Midst the Chaos of the last few weeks – laying out chapbooks, re-writing a panel presentation, prepping for 2 AWP readings, applying for jobs, planning my son’s birthday party, and steeling myself for a potentially major life-changing event – I re-read A Wrinkle in Time for the first time in 30-odd years. Oddly, there was never a more appropriate time for me to read it – thick in the maelstrom of the Black Thing (fears) as I am, learning how to fight back with more love, less anger. It’s been a delight to feel whisked away from the subway cattle while en route to my own veal pen, to feel tessered, untethered, caught in the whirl, but temporarily giddy with it, not anxious.

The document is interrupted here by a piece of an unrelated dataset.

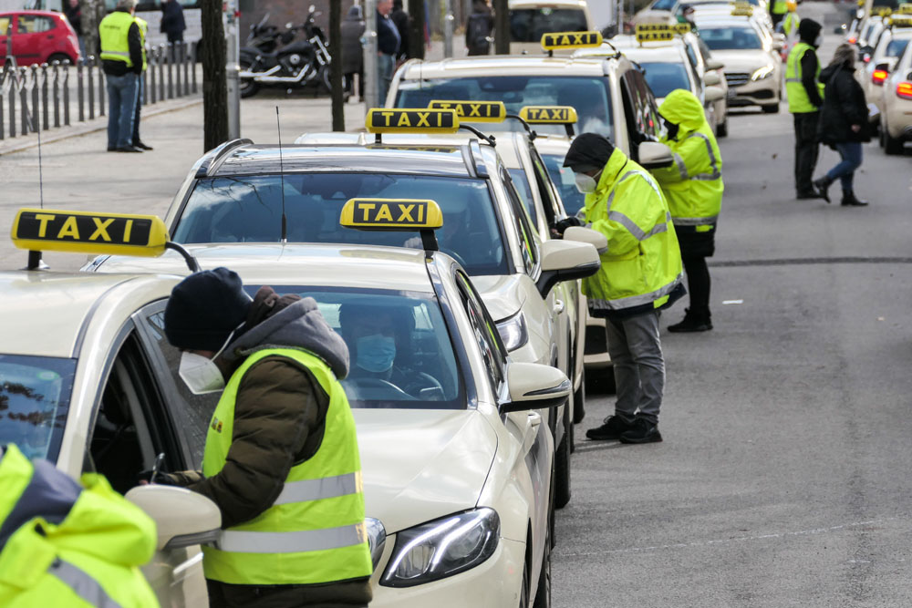 3月19日,在德国柏林的一个新冠疫苗接种中心,工作人员为前来载客的出租车司机登记。(图片来源:新华社)

For a while now, I’ve felt called to return to AWIT as if it held a potency, a vastness, a key of sorts to return me to blacked-out parts of my childhood I can’t recall for some reason or another. To reconnect with a younger me connecting with the joy, vitality, resiliency, and anger of Meg – how it might have encouraged me to endure and trust myself as a teen. But – I don’t remember how I felt when I read it as a child. Just remember being lost so completely in stories that I felt dissolved – as though the corporeal me faded ever so slightly from the world, as though a book’s close allowed my body to re-inhabit rooms in a new way that felt brighter, buoyant.
So – thank you, Madeleine L’Engle for helping me through yet another transition. Thank you, Aunt Beast. And thanks to Diane and Phoenix for the reminder.